►

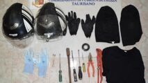 All’interno del mezzo sono stati trovati un passamontagna e strumenti atti allo scasso, tra cui diversi cacciaviti, una chiave inglese ed un piede di porco.
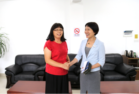 刘时贵(右)与易淑明亲切交流
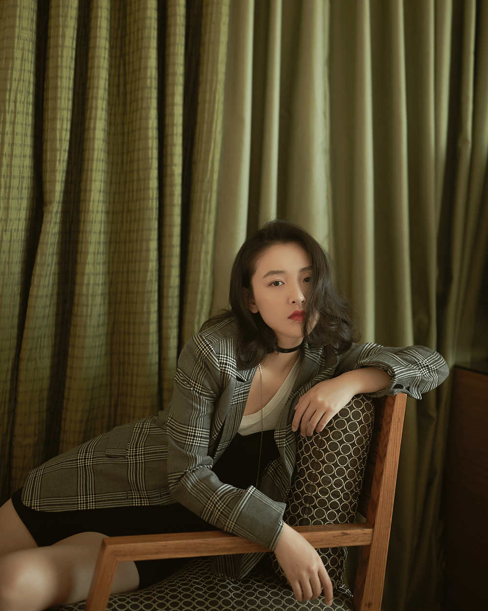 活动当晚,她身着经典格纹西装外套,满满英伦摩登质感,内搭白色T恤和黑色连体短裤,黑白穿搭法则层次分明,尽显傲人大长腿,搭配充满女人味的波浪卷发、黑色chock和一字带凉鞋,整体造型优雅性感和利落帅气并重,女神范儿十足。

◄

== Required work ==
Without including any picture, reproduce the material above word for word.

== Response area ==
 All’interno del mezzo sono stati trovati un passamontagna e strumenti atti allo scasso, tra cui diversi cacciaviti, una chiave inglese ed un piede di porco.
 刘时贵(右)与易淑明亲切交流
 活动当晚,她身着经典格纹西装外套,满满英伦摩登质感,内搭白色T恤和黑色连体短裤,黑白穿搭法则层次分明,尽显傲人大长腿,搭配充满女人味的波浪卷发、黑色chock和一字带凉鞋,整体造型优雅性感和利落帅气并重,女神范儿十足。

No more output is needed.